• [What you will do] The lines from the one containing "CHANEL Matelasse Coco" through the last one in the data: please copy those exactly, and only those, without the pictures.

(Data records Opens)

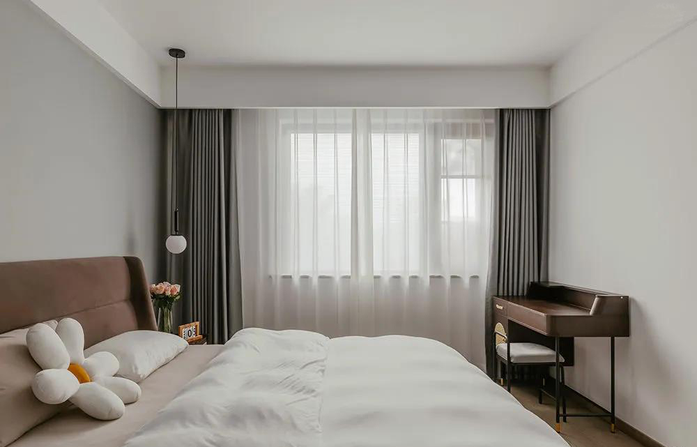 床頭吊燈的線條將藝術(shù)感展現(xiàn),微風與柔光透過幔紗,柔軟舒適的床具包裹著美夢。整體搭配以低飽和度的色彩為主,打造出舒適寧靜的休憩空間。
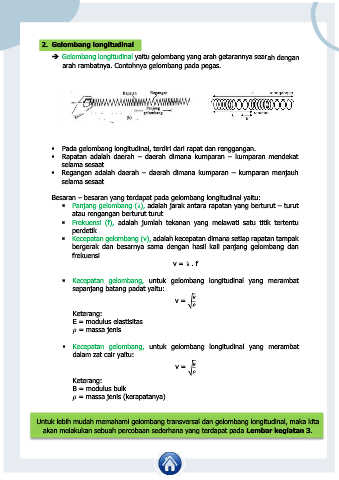 ▪ Pada gelombang longitudinal, terdiri dari rapat dan renggangan.
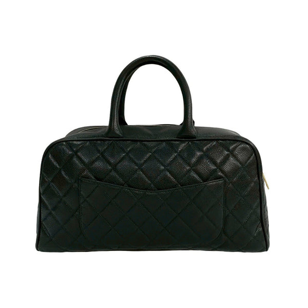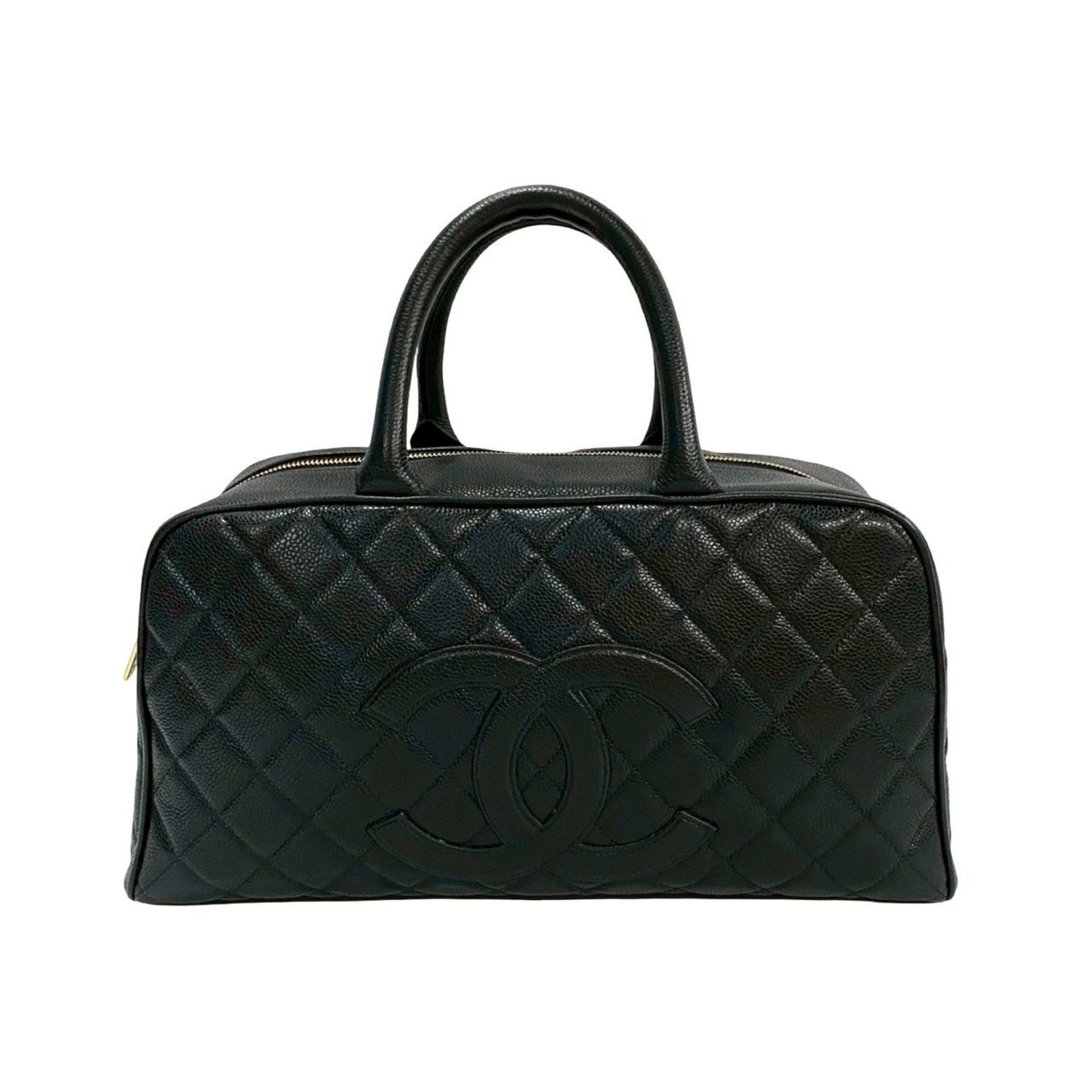 CHANEL Matelasse Coco Mark Caviar Skin Boston Bag Handbag Black 94272
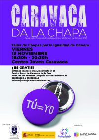 Las actividades del ‘Día Internacional contra la Violencia de Género’ darán comienzo con el taller dirigido a la población juvenil ‘Caravaca da la chapa’. La actividad, para la que se encuentra abierto el plazo de inscripción, se celebra viernes 15 de noviembre, de 18.30 a 20.30 horas, en el Centro Joven.A través de las concejalías de Igualdad de Oportunidades y Juventud y dentro de las medidas contenidas en el Pacto de Estado de la Violencia de Género, se ha programado este taller práctico dirigido a los adolescentes, en el que realizarán actividades de sensibilización de una forma motivadora para ellos. Los participantes contarán con numerosos materiales para la creación de chapas e imanes, con consignas, lemas e imágenes a favor de la igualdad y los buenos tratos. Estas chapas creadas por los jóvenes se repartirán entre la población el 25 de noviembre.
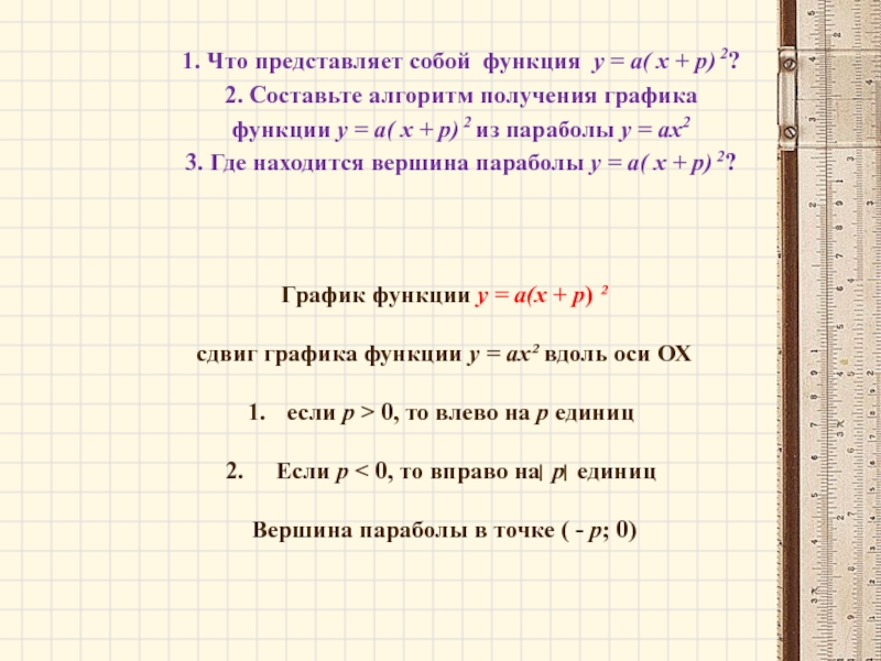 сдвиг графика функции у = ах² вдоль оси ОХ
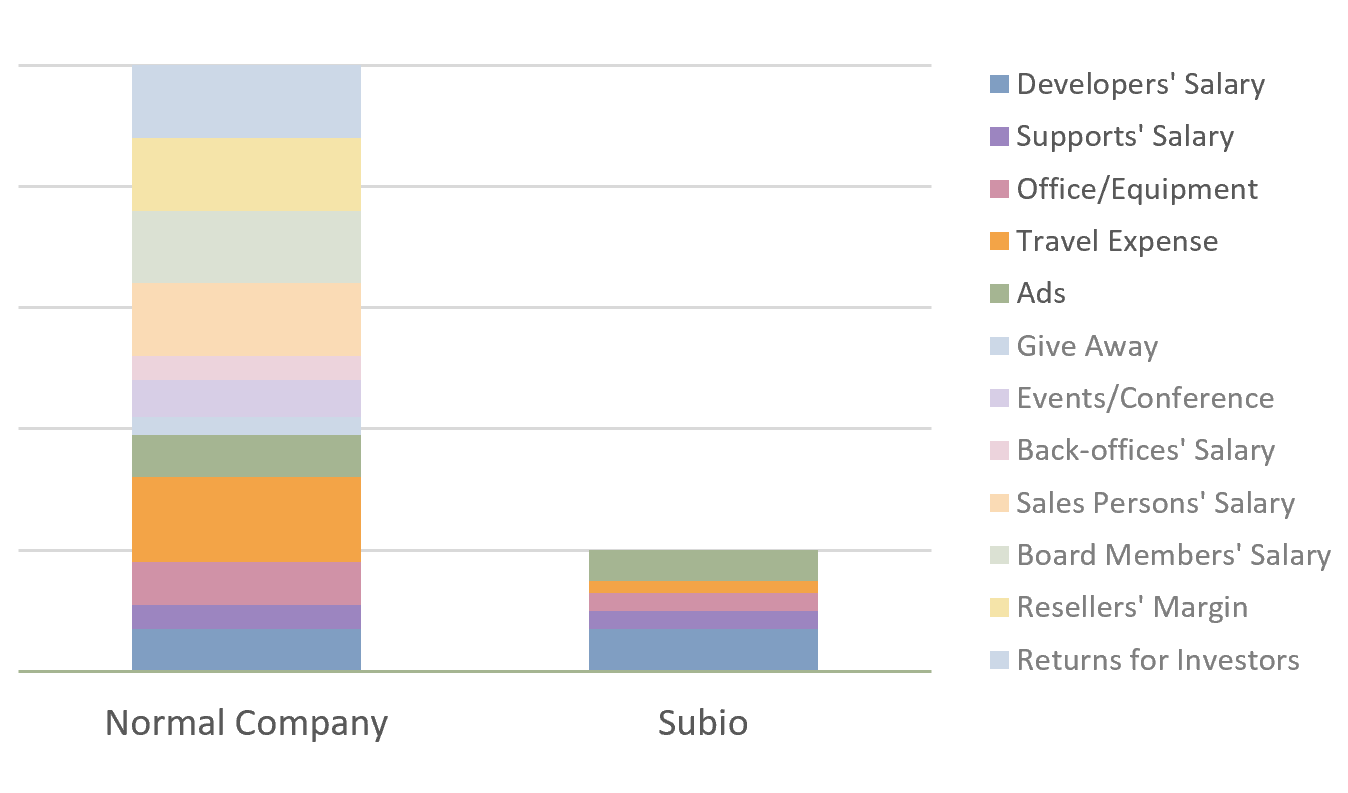 We are proud of our stock owners, who are ordinary people like ourselves, users and those who are resonated with our vision, and who are not VCs or professional investors pursuing capital gain. They want Subio be a sustainable company to provide good products and services stably and reasonably as long as customers need.
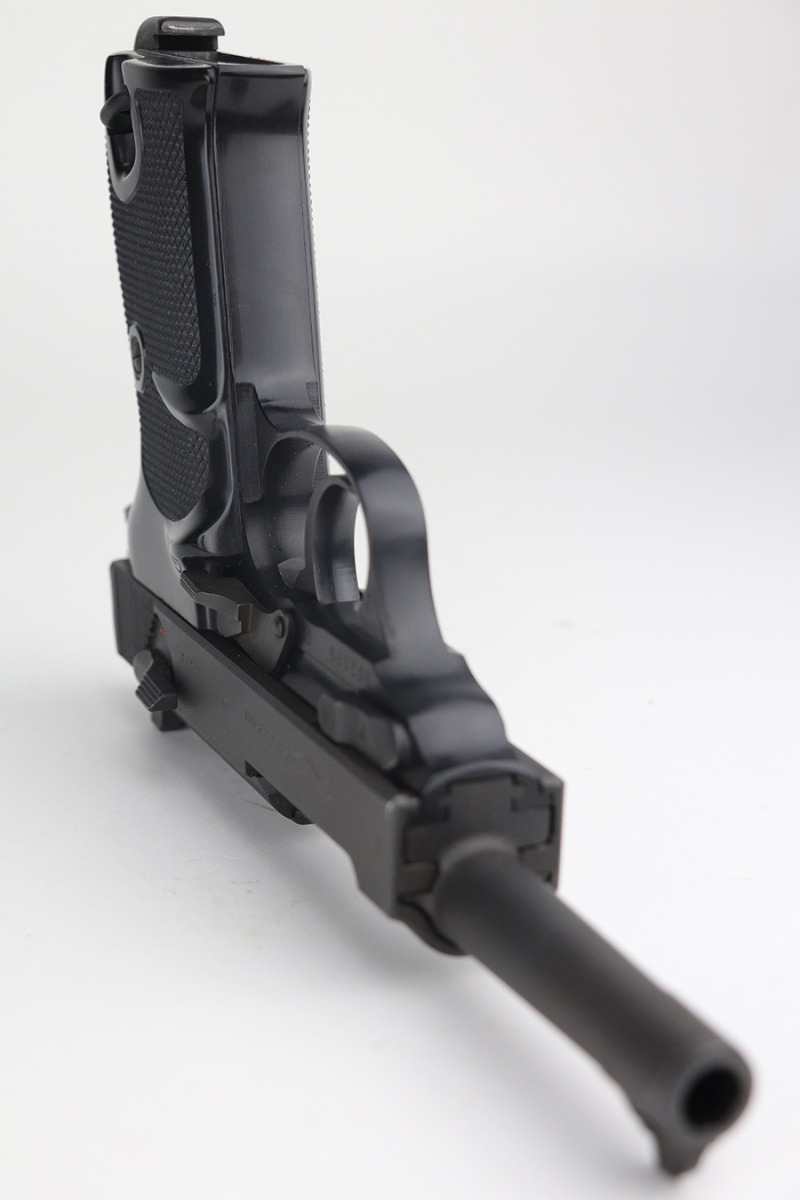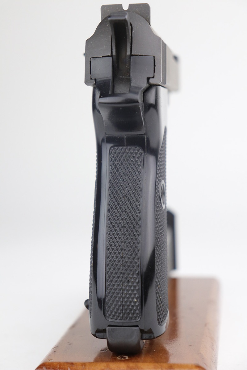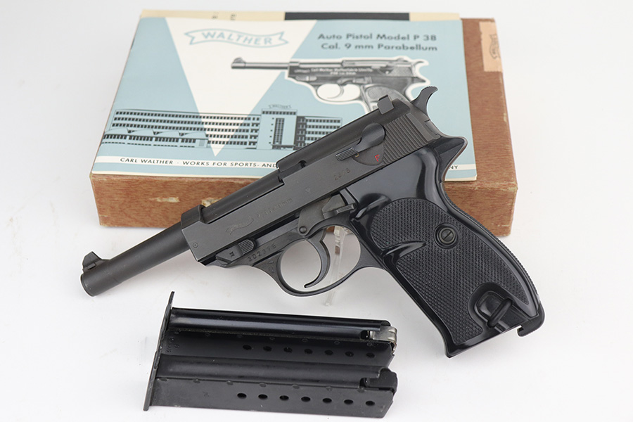 11/29/21 – This is a mint Walther P.38 from 1968 in its original, matching box. It also comes with the original test target, manual and spare magazine. The gun is in mint, nearly unfired condition with a mint bore. Matching numbers throughout. It’s especially desirable as this one does not have an import mark on it. Excellent grips with just a hint of handling wear. The extras are all in excellent condition, as well. C&R eligible.

(Data records Closes)

• [Exercise output]
 CHANEL Matelasse Coco Mark Caviar Skin Boston Bag Handbag Black 94272
 Las actividades del ‘Día Internacional contra la Violencia de Género’ darán comienzo con el taller dirigido a la población juvenil ‘Caravaca da la chapa’. La actividad, para la que se encuentra abierto el plazo de inscripción, se celebra viernes 15 de noviembre, de 18.30 a 20.30 horas, en el Centro Joven.A través de las concejalías de Igualdad de Oportunidades y Juventud y dentro de las medidas contenidas en el Pacto de Estado de la Violencia de Género, se ha programado este taller práctico dirigido a los adolescentes, en el que realizarán actividades de sensibilización de una forma motivadora para ellos. Los participantes contarán con numerosos materiales para la creación de chapas e imanes, con consignas, lemas e imágenes a favor de la igualdad y los buenos tratos. Estas chapas creadas por los jóvenes se repartirán entre la población el 25 de noviembre.
 сдвиг графика функции у = ах² вдоль оси ОХ
 We are proud of our stock owners, who are ordinary people like ourselves, users and those who are resonated with our vision, and who are not VCs or professional investors pursuing capital gain. They want Subio be a sustainable company to provide good products and services stably and reasonably as long as customers need.
 11/29/21 – This is a mint Walther P.38 from 1968 in its original, matching box. It also comes with the original test target, manual and spare magazine. The gun is in mint, nearly unfired condition with a mint bore. Matching numbers throughout. It’s especially desirable as this one does not have an import mark on it. Excellent grips with just a hint of handling wear. The extras are all in excellent condition, as well. C&R eligible.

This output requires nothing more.